Publication information
- Publisher: Marvel Comics
- First appearance: Defenders #147 (September 1985)
- Created by: Peter B. Gillis Don Perlin

In-story information
- Alter ego: Betilakk
- Team affiliations: Eternals
- Abilities: Superhuman strength, stamina, durability, speed, agility, and reflexes; Accelerated healing; Energy manipulation; Psychokinesis; Immortality; Flight;

= Interloper (comics) =

Betilakk the Interloper is a character appearing in American comic books published by Marvel Comics. Created by writer Peter B. Gillis and artist Don Perlin, the character first appeared in Defenders #147 (September 1985). Interloper is a member of the Eternals of Earth who largely distances himself from his fellow Eternals, maintaining a close friendship only with Gilgamesh. One of his principal adversaries is the Dragon of the Moon, whom he battles on several occasions, including alongside the Eternals of Titan. Believing he had fought his final battle, Interloper subsequently withdrew from public life and lived in isolation.

==Publication history==
Betilakk the Interloper debuted in Defenders #147 (September 1985), created by Peter B. Gillis and Don Perlin. He subsequently appeared in several Marvel series, including Strange Tales (1987), Doctor Strange: Sorcerer Supreme (1988), Doctor Strange Epic Collection (2016), and Doctor Strange, Sorcerer Supreme Omnibus (2017).
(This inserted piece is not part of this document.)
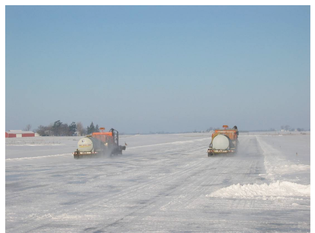
Figure 7. Side by side testing in parking lot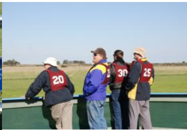
Some of our "Crew"

Additionally, Interloper received an entry in the Official Handbook of the Marvel Universe Deluxe Edition #6 (1983).

==Fictional character biography==
Little has been revealed. He does know the Eternal Gilgamesh (aka the Forgotten One), and has been fighting the Dragon of the Moon for centuries, both on Saturn's moon Titan and on Earth. Their last battle was during the 6th Century AD.

He lived as a hermit for the following hundreds of years. He was discovered by Manslaughter, and, impressed, the Interloper trained Manslaughter. Later, when the Dragon of the Moon enslaved Moondragon, the Interloper confronted and then joined Moondragon's team, the Defenders, in battling Moondragon and the Dragon of the Moon. In the battle, the Interloper tried to hurl his life force against the Dragon; he was transformed into a statue that crumbled into dust. Due to the intervention of the Vishanti, Interloper's life force was merged with the body of Will Fanshawe, a Welsh truck driver; they share possession of this body, which can now transform into an exact duplicate of Interloper's old body that retains his Eternal powers. Less than two years later, Interloper defeated the Dragon of the Moon by using his new schema to his advantage.

== Powers and abilities ==
Interloper possesses the standard abilities of his race, including virtual immortality, superhuman strength, durability, levitation, flight, and the projection of cosmic energy beams from his eyes. He is capable of lifting approximately 40 tons under optimal conditions. Interloper wears a mystical artifact known as the Cloak of Fear, which induces unease in nearby humans and prevents them from looking directly at or approaching him. The origins of the cloak have not been disclosed in published stories. Furthermore, he developed a heightened extrasensory awareness of the Dragon of the Moon, enabling him to sense the creature’s presence anywhere on Earth and track it across great distances.